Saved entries
[Start of section]

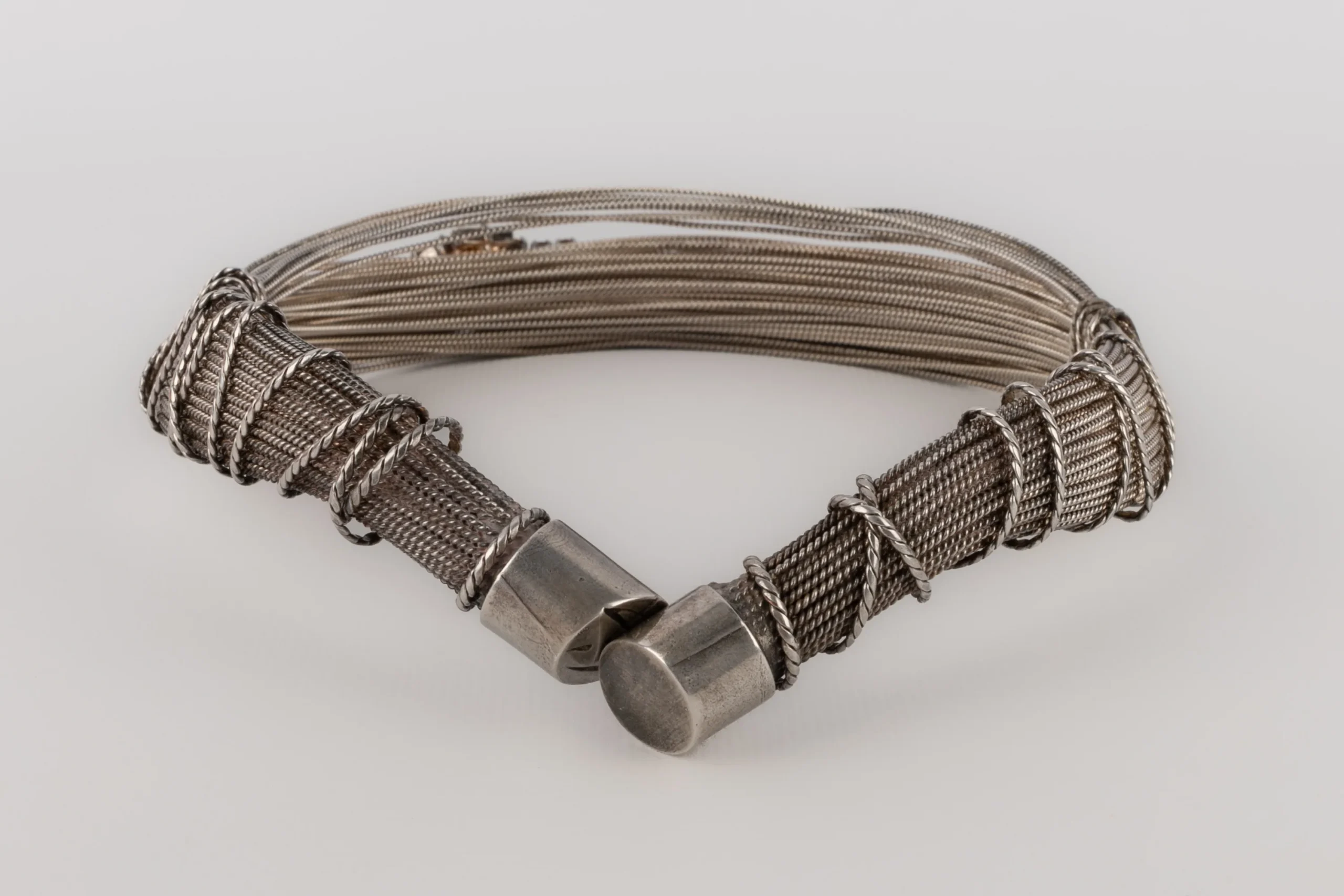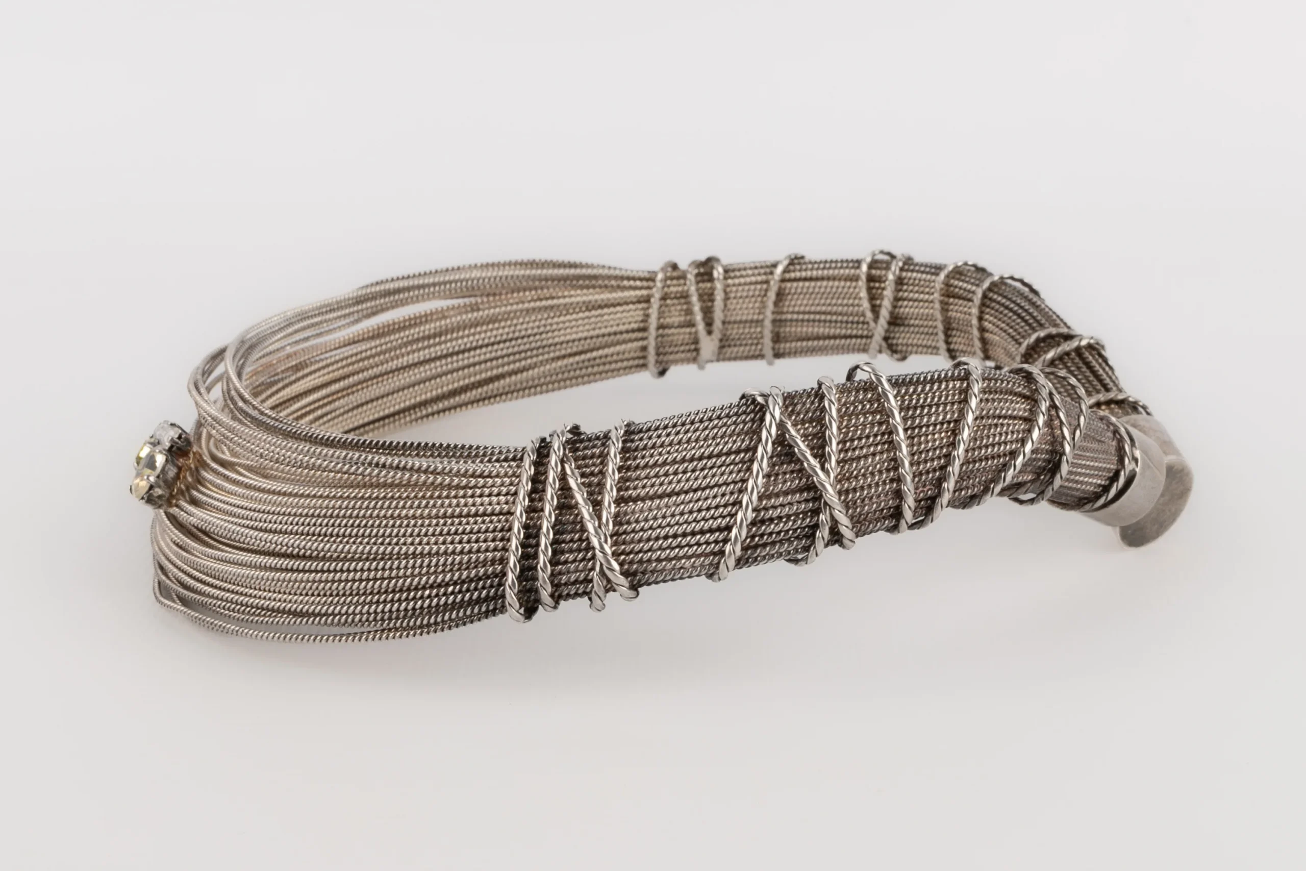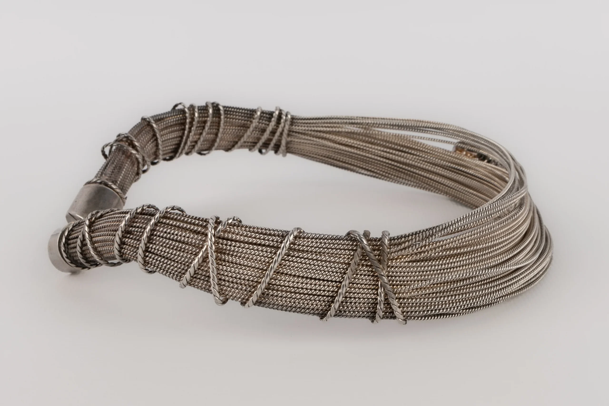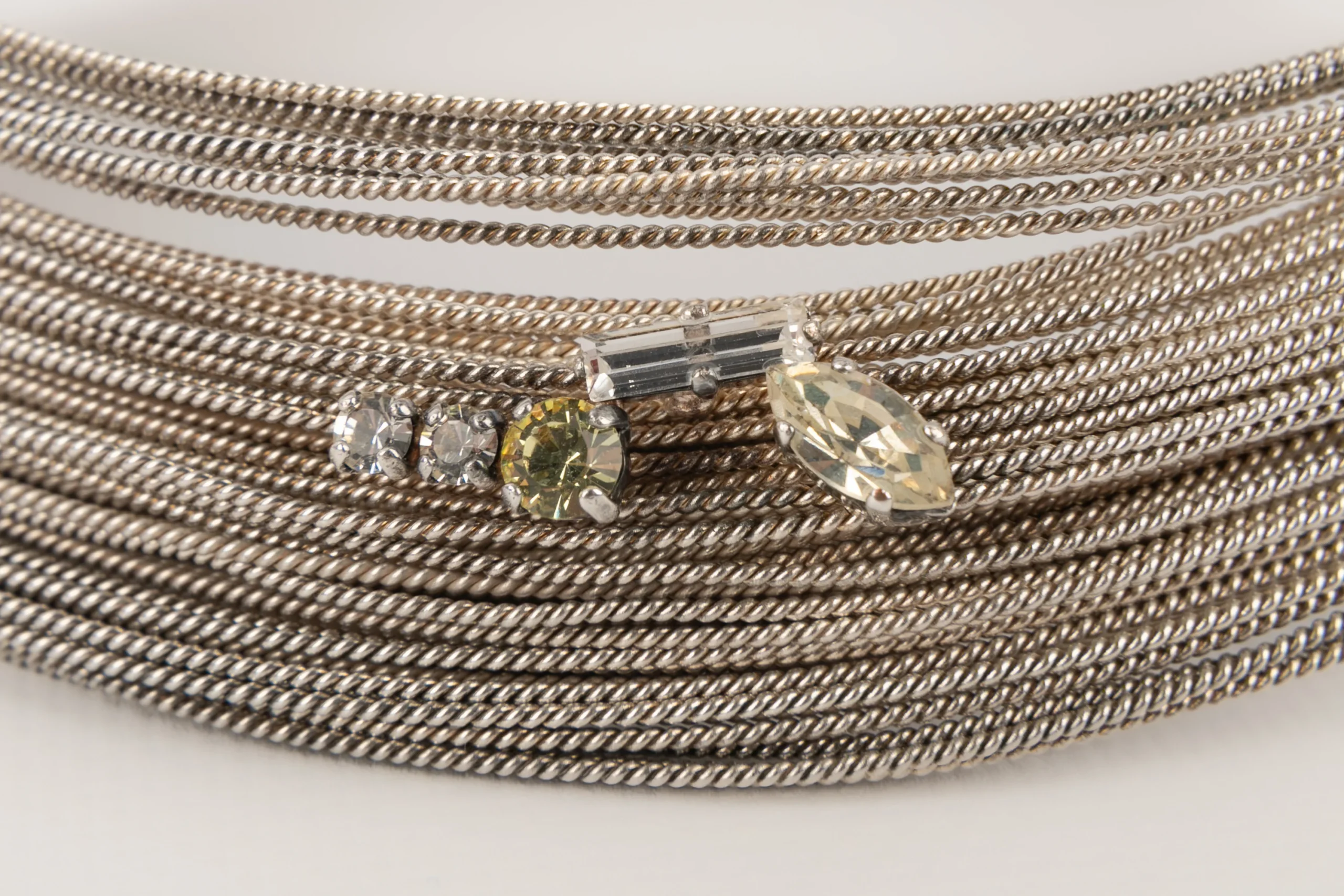 CHRISTIAN LACROIX -(Made in France) Collier court et rigide en métal argenté. Bijou datant du milieu des années 1990.
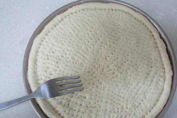 5、发酵好的面团揉光排气后盖上保鲜膜静置20分钟,之后擀成面饼放进披萨盘里,整形好后用叉子扎满小孔,防止饼皮在烤制的过程中凸起。
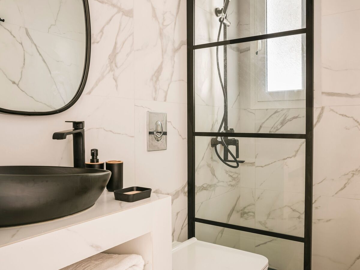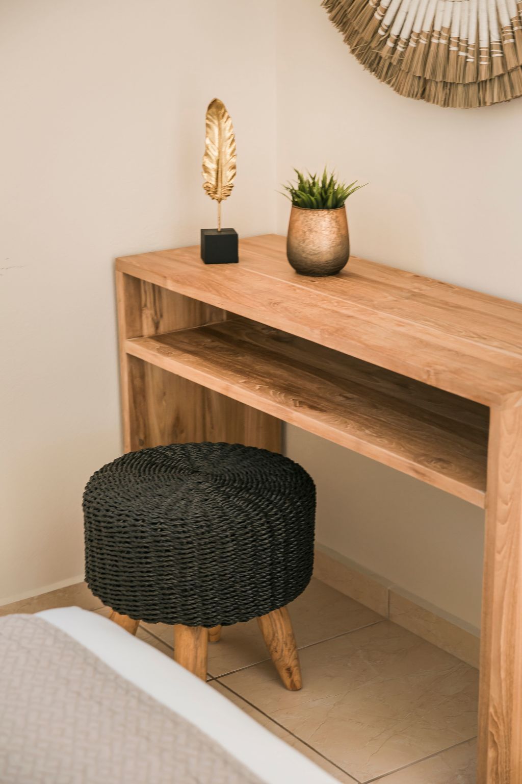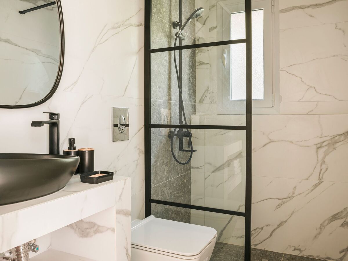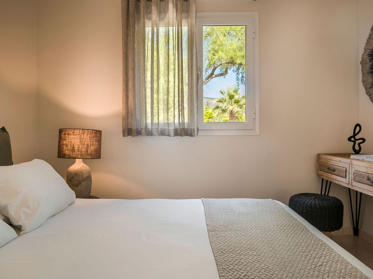 Villa Thalassa located in a unique location,offering amazing Seaviews and privacy, decorated in Boho style.Consists of two floors, on the ground floor located the fully equipped kitchen with oven / hobs, microwave, kettle, coffee maker, refrigerator / freezer, dishwasher, washing machine, also located the living room, cable TV,AC, balcony door who drives to swimming pool area, there is also a guest w/c ,as well as a bedroom with Double King size bed (1.60m),wardrobe, A / C, ensuite bathroom with washbasin,toilet,shower.On the first floor located bedroom with Double King size bed (1.60m), closet, A/C,ensuite bathroom with washbasin,shower,toilet.
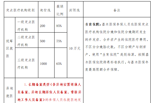 (四)住院待遇。执行全市统一的城乡居民基本医保待遇标准。
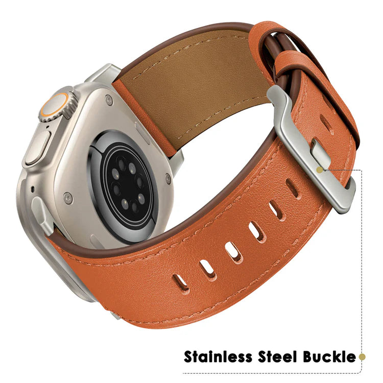 A sleek, minimalist design with fine stitching and a timeless leather grain finish makes this band suitable for both business and casual wear.
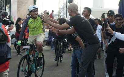 Dzaki Wardana kembali ke tanah air. Setelah menuntaskan tantangan: menaklukkan Trans Am Bike Race (TABR) 2023. Kedatangan Dzaki disambut dengan cara sederhana, tapi penuh kekeluargaan. Di kantor Deltomed, The Mahitala Building, Jumat 7 Juli 2023.
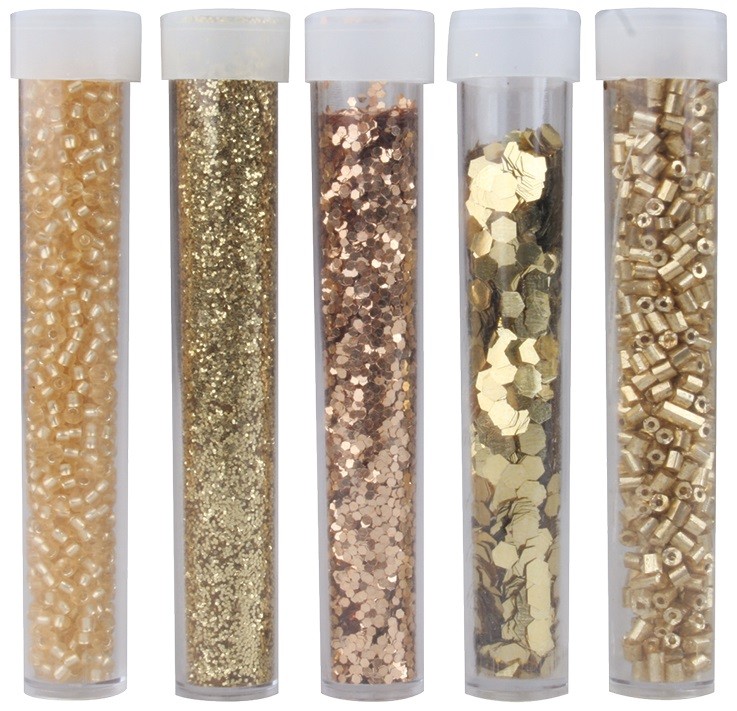 Konfety, korálky, glitry – zlatý mix v tubě (5 × 7 g)
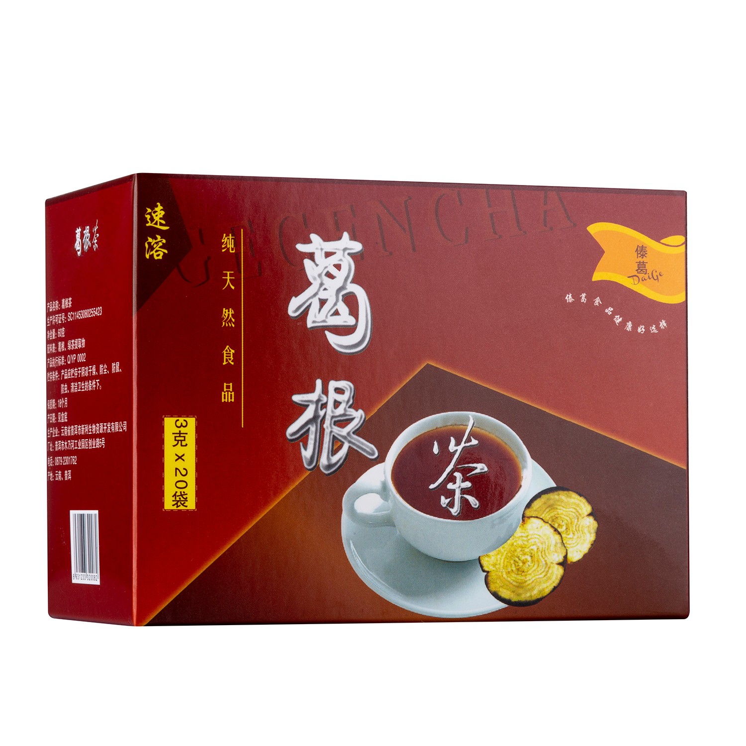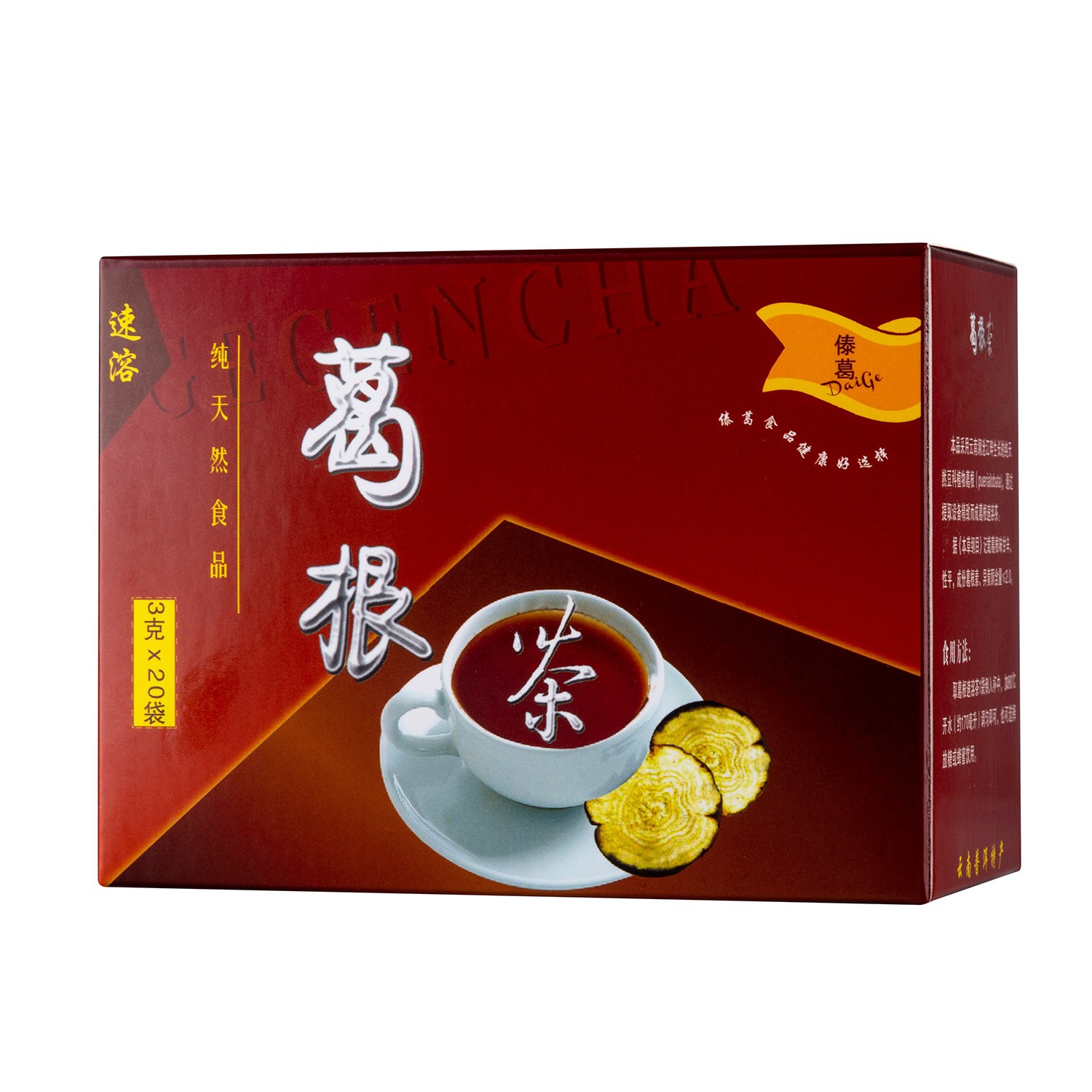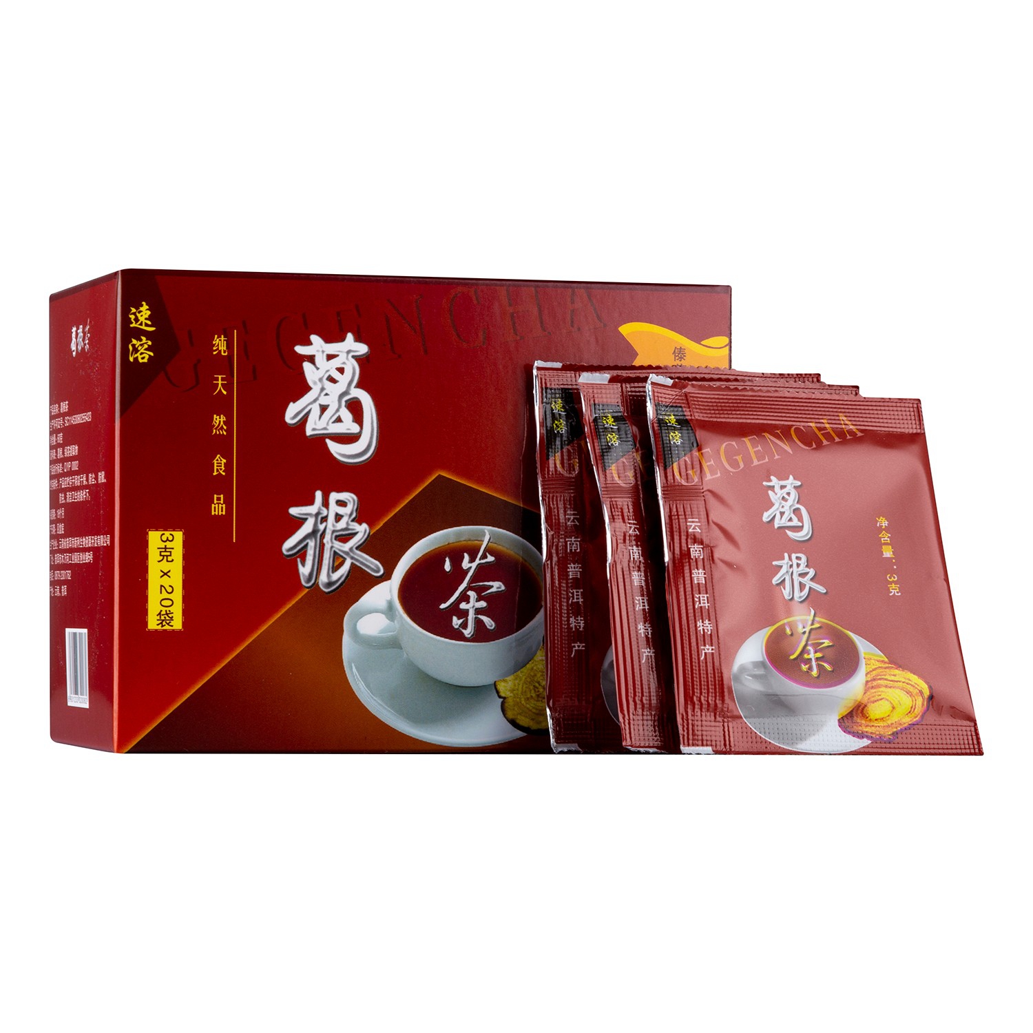 本品采用云南澜沧江畔生长的纯天然豆科植物葛根( puerialobata),通过提取设备精致而成葛根速溶茶。

[End of section]

- _Action item_: Retype the data word for word and keep the pictures out of it.

- _Answer area_:
 CHRISTIAN LACROIX -(Made in France) Collier court et rigide en métal argenté. Bijou datant du milieu des années 1990.
 5、发酵好的面团揉光排气后盖上保鲜膜静置20分钟,之后擀成面饼放进披萨盘里,整形好后用叉子扎满小孔,防止饼皮在烤制的过程中凸起。
 Villa Thalassa located in a unique location,offering amazing Seaviews and privacy, decorated in Boho style.Consists of two floors, on the ground floor located the fully equipped kitchen with oven / hobs, microwave, kettle, coffee maker, refrigerator / freezer, dishwasher, washing machine, also located the living room, cable TV,AC, balcony door who drives to swimming pool area, there is also a guest w/c ,as well as a bedroom with Double King size bed (1.60m),wardrobe, A / C, ensuite bathroom with washbasin,toilet,shower.On the first floor located bedroom with Double King size bed (1.60m), closet, A/C,ensuite bathroom with washbasin,shower,toilet.
 (四)住院待遇。执行全市统一的城乡居民基本医保待遇标准。
 A sleek, minimalist design with fine stitching and a timeless leather grain finish makes this band suitable for both business and casual wear.
 Dzaki Wardana kembali ke tanah air. Setelah menuntaskan tantangan: menaklukkan Trans Am Bike Race (TABR) 2023. Kedatangan Dzaki disambut dengan cara sederhana, tapi penuh kekeluargaan. Di kantor Deltomed, The Mahitala Building, Jumat 7 Juli 2023.
 Konfety, korálky, glitry – zlatý mix v tubě (5 × 7 g)
 本品采用云南澜沧江畔生长的纯天然豆科植物葛根( puerialobata),通过提取设备精致而成葛根速溶茶。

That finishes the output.